The brain gets help from other organs to calm you down when you face scary or sad stressful situations. The stress–response system is the name of the team of superheroes in your body that is led by the brain to combat stress. The stress–response system takes action by speeding up your heart beat to increase blood flow, speeding up your breathing to take in more oxygen, and slowing your digestion to store away fat and sugar for energy. In this article, we will talk about how the brain and body react to stress and how the brain regulates these reactions. We will also talk about the outside help the brain uses to regulate stress because even superheroes need a little help sometimes! Finally, we will learn how humans adapt to stress when it is long lasting.
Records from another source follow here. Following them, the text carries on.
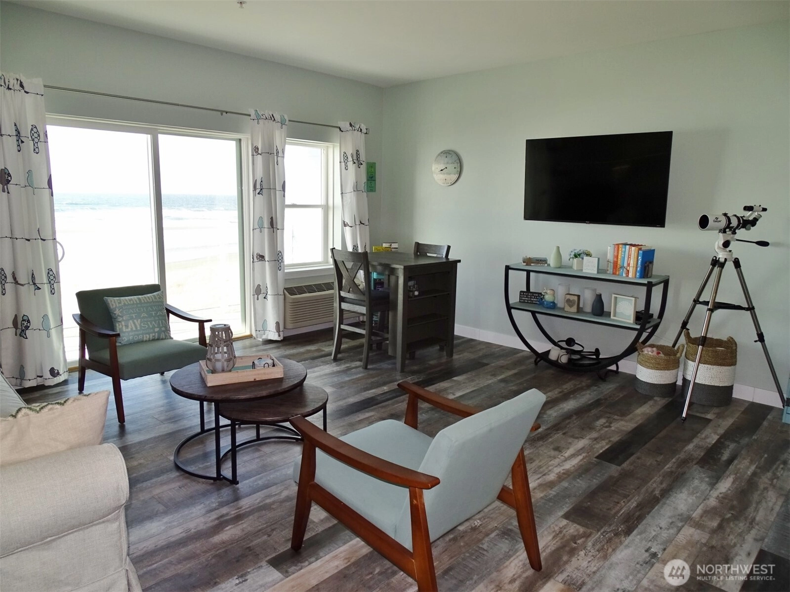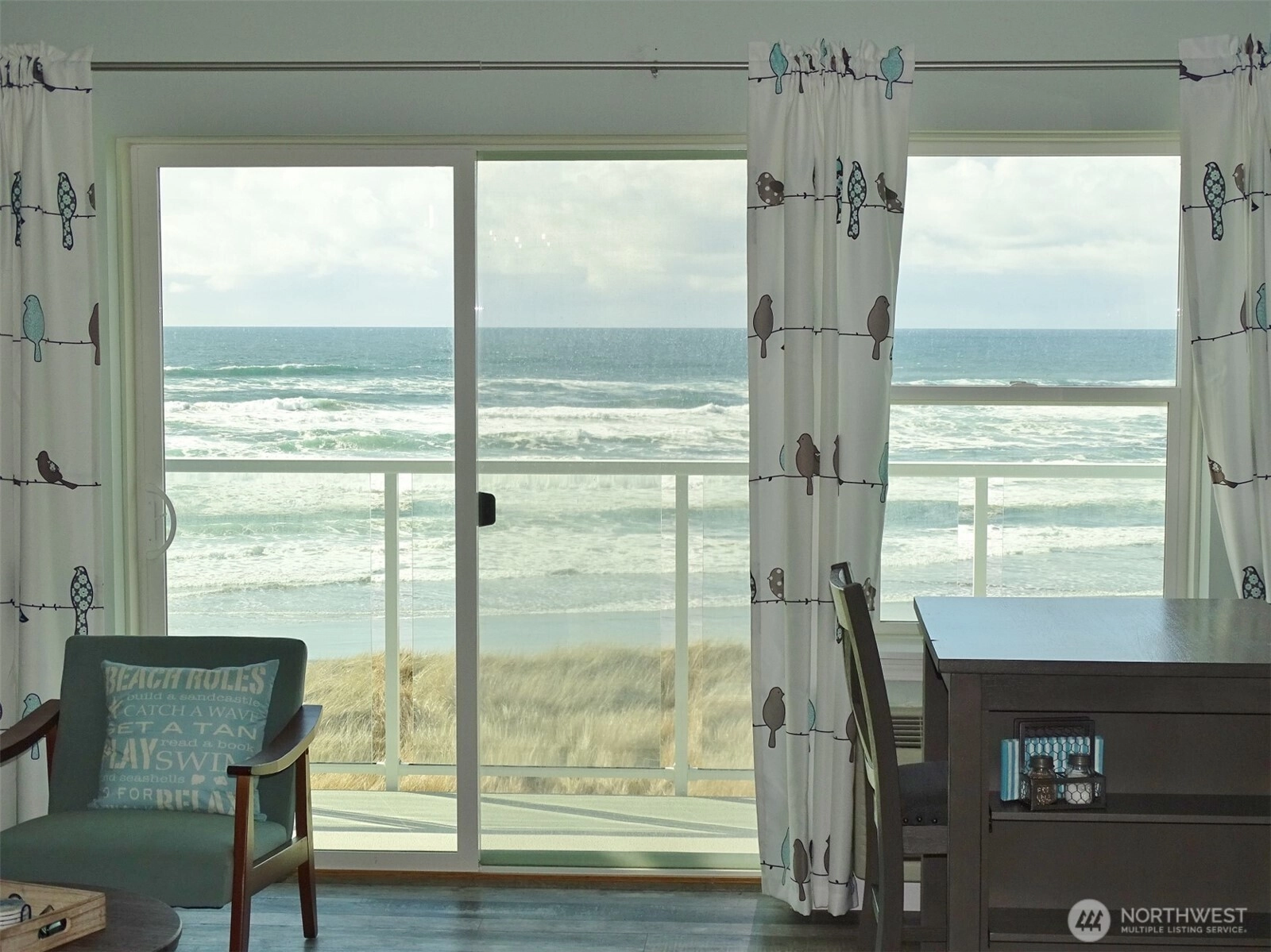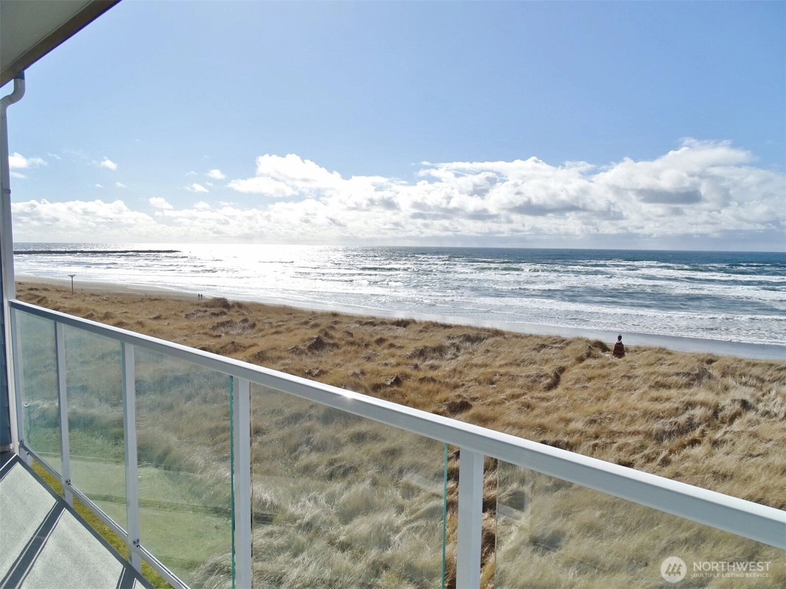 4th-Floor OCEAN VIEW/FRONT Condo ~ Beautifully and Stylishly FURNISHED and REMODELED in 2022! Watch the crashing waves of the Pacific Ocean, along with the gorgeous Sunsets and storms. Relax with the classy, beach-themed decor and furniture. All new upgraded LVP flooring thru-out (with cork underlayment). Open Great Room design with a slider to the Balcony/Deck. All new Kitchen quartz counters, Posheen cabinets, tile backsplash, Stainless Steel appliances, and a Full-length Eating Bar. Closet with a new stackable washer/dryer. Large Open Bedroom. All new Bathroom with a beautiful tiled walk-in shower. Located in the Ocean Crest South building, which features an Elevator, 2 access stairs, fire sprinklers, Enclosed Outdoor Hallways. Special Assessments are PAID. Unit #S42
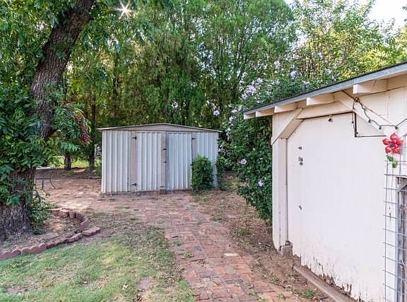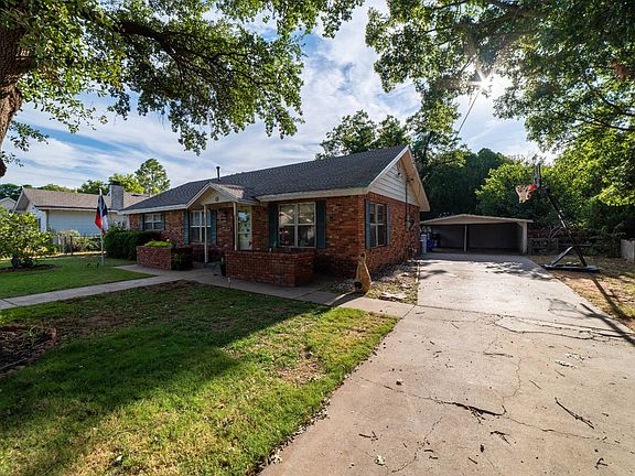 Nice, brick home in a good neighborhood All new windows Kitchen appliances except refrigerator will stay with the home Tile countertops Large pantry Laminate floors in the living room, dining room, kitchen, laundry room and sunroom Crown molding Tile floors in both baths All electric Fenced backyard with storage building Storage room in the front of the carport also Paved driveway New gas lines Water well that needs some work
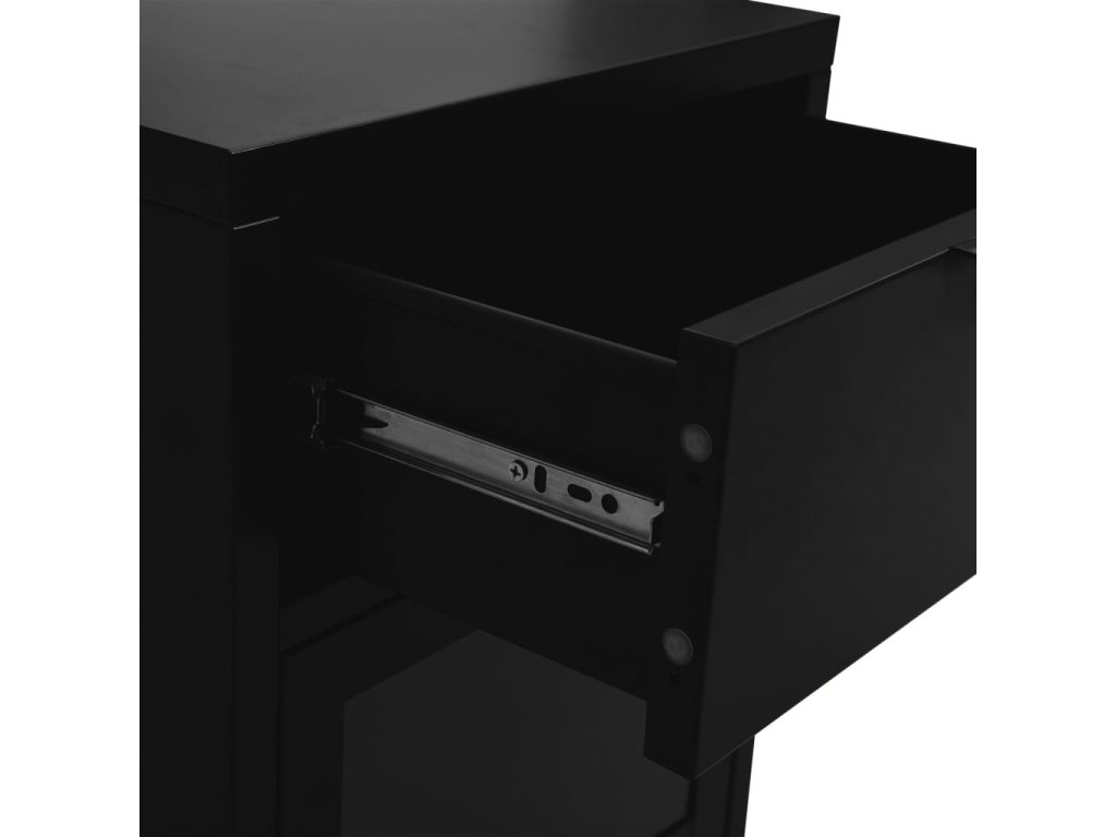 Noční stolek je vyroben z oceli a tvrzeného skla, takže je odolný a snadno se čistí. Skříňka má 1 zásuvku, která poskytuje dostatek úložného prostoru pro přehledné uspořádání knih a dalších drobností, které chcete mít po ruce. Zásuvka s třídílnými pojezdy s kuličkovými ložisky zajišťuje hladké otevírání a zavírání.

Superheroes of the Stress Response System
When the brain detects stress in the environment, the stress–response system goes into action. This begins with the hypothalamus–pituitary–adrenal (HPA) axis (Figure 1). Those are some very long words, so scientists just call it the HPA axis. When the brain detects stress, it first sends a message to a part of the brain called the hypothalamus. The job of the hypothalamus is to wake up the pituitary gland. Although the pituitary is only about the size of a small pea, it has a mighty job. The pituitary releases hormones, which are the messengers in the stress–response system. These hormones travel out of the brain to the adrenal glands. The adrenal glands sit on top of the kidneys. The adrenal glands release cortisol into the body.
Cortisol is known as the stress hormone. Cortisol is a messenger that sets other organs in the body into action. It is like the superpower of the stress response system. Cortisol helps the brain to think clearly, sends energy to important muscles, and increases heart rate and breathing. You can imagine that all of these bodily functions would be important if you were face-to-face with a bear: you would need to think about how to escape, use your muscles to run away, and have a fast heartbeat to pump lots of blood to the muscles and fast breathing to take in more oxygen .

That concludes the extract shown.